By the time you read this, I will have written hundreds of rules governing how AI writes code in my system. Rules about database patterns, security requirements, UI consistency, naming conventions, serialization quirks, and dozens of other things that have bitten me in production.
And I need to tell you something uncomfortable: the AI ignores them constantly.
Not maliciously. Not even consistently. It reads the rules, acknowledges them, follows them for a while, and then, somewhere around the third hour of a complex session, starts violating them like they never existed. A rule I wrote in blood after a production incident, a rule the AI literally quoted back to me twenty minutes ago, just... forgotten.
This is the gap between rules and compliance. And closing that gap is what this article is about.
Rules are necessary. Without them, you get chaos. But rules alone are suggestions. What turns suggestions into guarantees is enforcement: automated systems that catch violations at the moment they happen, without requiring a human to be watching.
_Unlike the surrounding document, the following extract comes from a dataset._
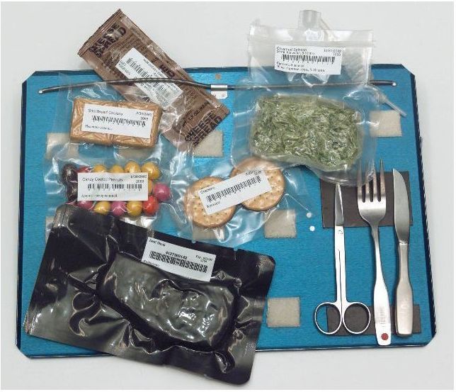 Bandeja, que utilizan los cosmonautas, equipada con varias mordazas e imanes, para que los alimentos y los cubiertos no se dispersen en condiciones de ingravidez.

The Hook Lifecycle: Where Enforcement Lives
Modern AI coding tools expose lifecycle events --- specific moments in the development workflow where you can inject custom logic. Think of them as tripwires strung across the AI's path. Every time it does something, it has to pass through one of these checkpoints.
The lifecycle events I care about fall into a few categories:
Before actions. The AI is about to edit a file, run a command, or make a change. You can inspect what it's about to do and either allow it, block it, or inject context before it proceeds.
After actions. The AI just edited a file or ran a command. You can inspect what changed and flag problems immediately.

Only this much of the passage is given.